我正在尝试执行与此处的示例完全相同的分析,但使用不同的 beta 分布参数化。在分析开始时,我不确定我想要什么参数化,所以我定义了一个自定义函数,以便我可以在一个地方进行参数化更改,然后在其余代码中使用。见下文。

f_beta <- function(x, elig, par) {
  return (
    dbeta(x, 
          exp(par[1] + par[2] * log(elig)), 
          exp(par[3] + par[4] * log(elig)), 
          log = TRUE))
}

当我尝试将该函数应用于数据帧的数据时,它不会返回正确的结果。"likelihood" 和 "likelihood2" 字段应该返回相同的结果,但事实并非如此。

assignments <- df %>%
  select(-cluster) %>%
  crossing(fits) %>%
  mutate(likelihood = prior * dbeta(enrpct, exp(a0 + b0 * log(elig)), exp(a1 + b1 * log(elig)), log = TRUE), 
         likelihood2 = prior * f_beta(enrpct, elig, c(a0, b0, a1, b1))) %>%
  group_by(id) %>%
  top_n(1, likelihood) %>%
  ungroup()

完整代码如下。

library(tidyr)
library(dplyr)

# custom beta distribution parameterization
f_beta <- function(x, elig, par) {
  return (dbeta(x, exp(par[1] + par[2] * log(elig)), exp(par[3] + par[4] * log(elig)), log = TRUE))
}

# log-likelihood
ll <- function(x, elig, par) {
  -sum(f_beta(x, elig, par))
}

# optimizer 
fit_beta <- function(x, elig, init = c(-0.5, 0.2, -1.1, 0.3)) {
  m <- optim(par = init, fn = ll, elig = elig, x = x)
  coef <- m$par
  data_frame(a0 = coef[1], b0 = coef[2], a1 = coef[3], b1 = coef[4], number = length(x))
}


####### generate data
n <- 10000
n2 <- 5000

# mixture 1 parameters
a0 <- -1
b0 <- 0.3
a1 <- -2
b1 <- 1

# mixture 2 parameters
a01 <- -1
b01 <- 0.5
a11 <- -1.5
b11 <- 0.8

# generate data 
df <- data.frame(id = 1:n, elig = sample(1:100, size = n, replace = TRUE) * 100)
df$enrpct <- rbeta(n, exp(a0 + b0 * log(df$elig)), exp(a1 + b1 * log(df$elig)))
df2 <- data.frame(id = (n+1):(n+n2), elig = sample(1:100, size = n2, replace = TRUE) * 100)
df2$enrpct <- rbeta(n2, exp(a01 + b01 * log(df2$elig)), exp(a11 + b11 * log(df2$elig)))
df <- rbind(df, df2)

# assign to clusters randomly like in example
df$cluster <- factor(sample(c("A", "B"), nrow(df), replace = TRUE))

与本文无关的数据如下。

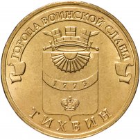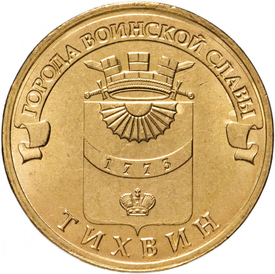 «Города воинской славы» (ГВС) – серия памятных монет Банка России, которая выходила с 2011 по 2016 год. Каждая из 45 отчеканенных 10-ти рублёвок посвящёна городу, защитники которого отличились особым героизмом, мужеством и стойкостью во время военных действий. Все монеты серии изготовлены из стали, с латунным гальванопокрытием. В 2011–2014 году ежегодно выпускали по 8 видов, в 2015 году в обращение вышло 9 разновидностей. Монету «Тихвин» отчеканили в 2014 году.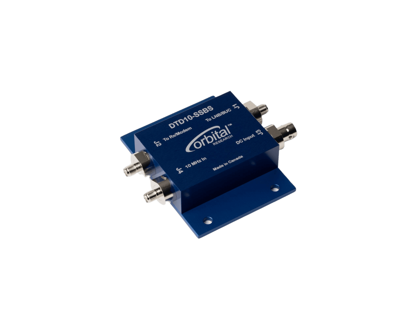 The Orbital DC Thru Diplexer (DTD-10) is a bias tee thruplexer that inserts a high-quality 10 MHz source into your LNB or BUC – in addition to passing both L-band and DC power from the modem with very low insertion loss. This small and compact device is easy to mount, can be used outdoors, and can be customized with any connector.

# maximization step of E-M algorithm
fits <- df %>%
  group_by(cluster) %>%
  do(fit_beta(.$enrpct, .$elig)) %>%
  ungroup() %>% 
  mutate(prior = number / sum(number))

# expectation step of E-M algorithm
assignments <- df %>%
  select(-cluster) %>%
  crossing(fits) %>%
  mutate(likelihood = prior * dbeta(enrpct, exp(a0 + b0 * log(elig)), exp(a1 + b1 * log(elig)), log = TRUE), 
         likelihood2 = prior * f_beta(enrpct, elig, c(a0, b0, a1, b1))) %>%
  group_by(id) %>%
  top_n(1, likelihood) %>%
  ungroup()

head(assignments)

标签: rstatisticsdata-science

解决方案

这是因为您c(a0, b0, a1, b1)在计算时使用likelihood2. 但是这些变量中的每一个都是数据框中的一整列,因此 usingc()只会将它们连接起来,您最终将使用错误的值。

有了这个,它将起作用:

f_beta <- function(x, elig, a0, b0, a1, b1) {
  return (dbeta(x, exp(a0 + b0 * log(elig)), exp(a1 + b1 * log(elig)), log = TRUE))
}

likelihood2 = prior * f_beta(enrpct, elig, a0, b0, a1, b1)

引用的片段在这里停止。